In preparation for this episode, Mark Kirkland watched several boxing films and is satisfied with how it turned out. Whenever designing rooms, Kirkland tries to show a bare lightbulb because he feels that it makes things more depressing. In the scene in Moe's office, there is a brief shot of a poster advertising "Szyslak Vs. Oakley" and "Kirkland Vs. Silverman", referring to then-executive producer Bill Oakley and The Simpsons directors Mark Kirkland and David Silverman. The scene where Tatum is walking to the ring surrounded by shady characters is based on a real life photo of Tyson.

The fathers of Jimbo, Dolph and Kearney make their first and only appearances in the history of the show.

==Cultural references==
The title is a reference to the Humphrey Bogart film The Harder They Fall. The episode opens with a parody of Bonanza. The montage of Homer fighting various hobos was based on a similar montage in Raging Bull. The music is inspired by "The Flower Duet" from the opera Lakmé by Léo Delibes. During the montage, there is a brief parody of the George Bellows painting "Dempsey and Firpo". The "Fan Man" is based on James Miller, a man famous for parachuting into arenas during big events. Homer's walk-out music is "Why Can't We Be Friends?" by War and Tatum's is "Time 4 Sum Axion" by Redman, which was also used by Tyson for his first fight after his release from prison in 1995. The song heard over the end credits is a rendition of Barbra Streisand's "People", sung by Sally Stevens.

==Reception==
In its original broadcast, "The Homer They Fall" finished 29th in ratings for the week of November 4–10, 1996, with a Nielsen rating of 10.0, equivalent to approximately 9.7 million viewing households. It was the second highest-rated show on the Fox network that week, following The X-Files.

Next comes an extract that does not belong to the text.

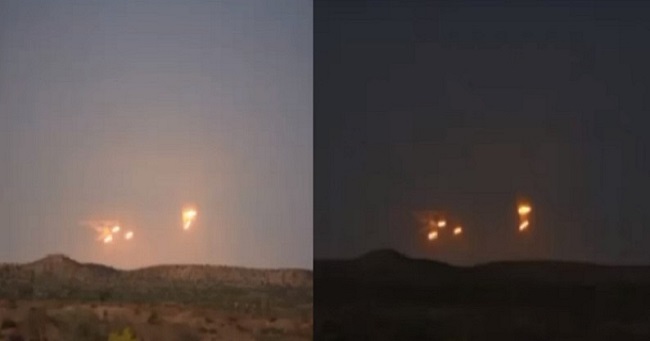 He passed it off as a probable meteor and continued driving for an additional three hours after which the lights had gone. However they reappeared again which didn’t seem normal. His location was between Parker and Quartzite Arizona. It was then that he decided to pull out his camera and tripod to shoot some photos.

In response to the season fourteen episode "Barting Over", which is about skateboarding, Raju Mudhar of the Toronto Star listed what he thought were "excellent" episodes of The Simpsons and scenes also related to sports. He included "The Homer They Fall", writing that Drederick Tatum is "a thinly veiled Mike Tyson parody who's made cameos over the years".

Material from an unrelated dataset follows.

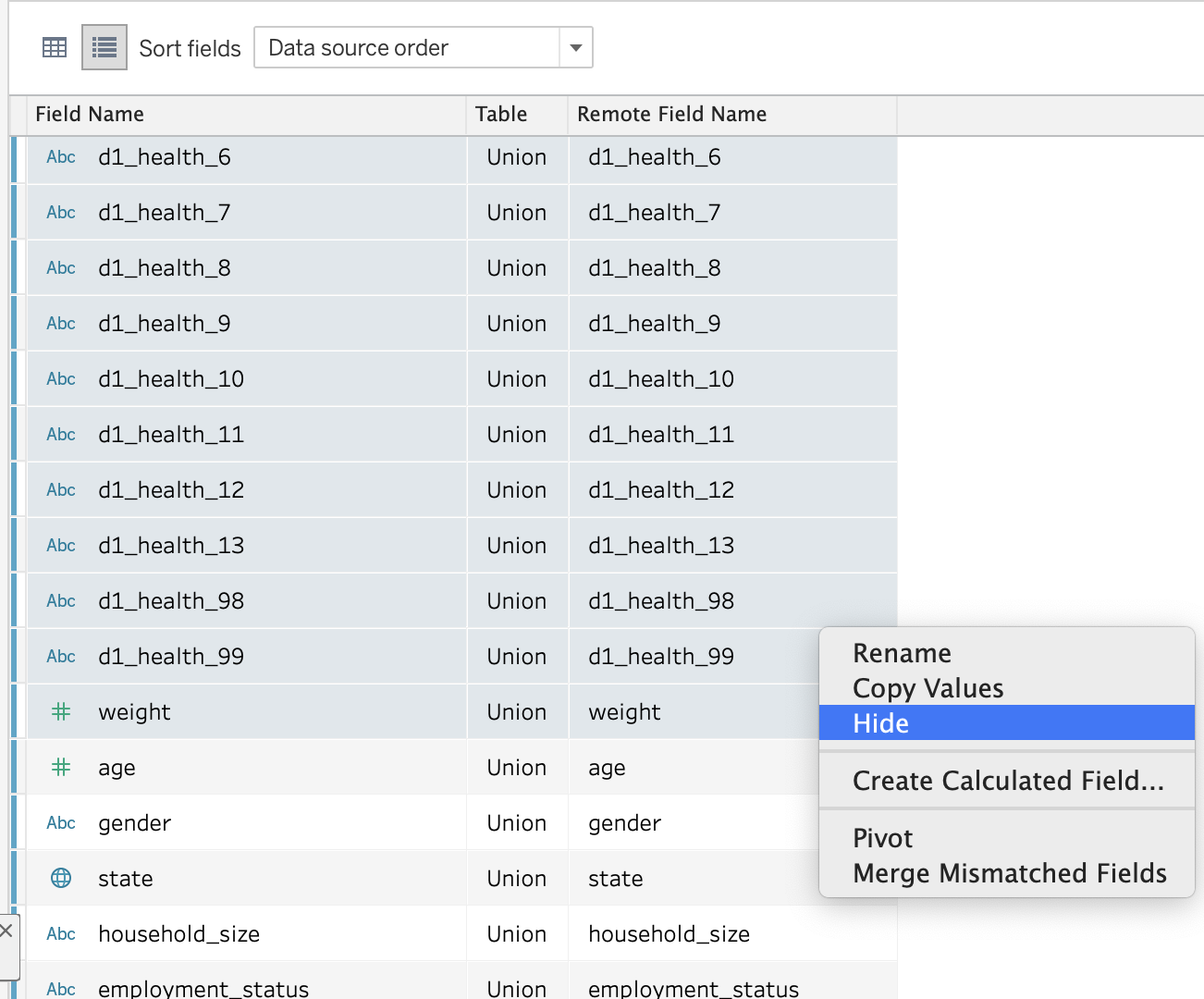 For the purpose of the analysis, we need to hide unnecessary fields first. Click “Manage Metadata” button then select unnecessary fields. Next, right click and hit “Hide”. Leave required fields only as below.

Similarly, in 2004 ESPN.com released a list of the Top 100 Simpsons sport moments, ranking the entire episode at #2, saying, "Greatest sports introduction ever: In the Tatum fight, Homer is introduced as the Brick Hithouse (and is also known as the Southern Dandy), and his walk-to-the-ring music is 'Why Can't We Be Friends? Drederick Tatum was placed at the eighteenth spot on the list. Conversely, the authors of the book I Can't Believe It's a Bigger and Better Updated Unofficial Simpsons Guide, Gary Russell and Gareth Roberts, called it "the dullest, one-joke episode of the entire series". Kyle Fowler writes "when Moe eventually flies into the ring via giant fan, it’s not only a touching moment because of how concerned we are for Homer, but it’s also a final stand for morality and dignity. The fact that ring announcer Michael Buffer says, 'whatever dignity remained in boxing is literally flying out the window' only serves to drive that point home. 'The Homer They Fall' is the kind of episode we most often associate with the earliest seasons of The Simpsons, because it boasts a streamlined narrative, is filled with subtle one-liners, and uses those tools to substantiate a cultural critique while adding in a huge dose of heart. Turns out that cactus was right; sometimes you have to fight back, even if it’s not with your fists."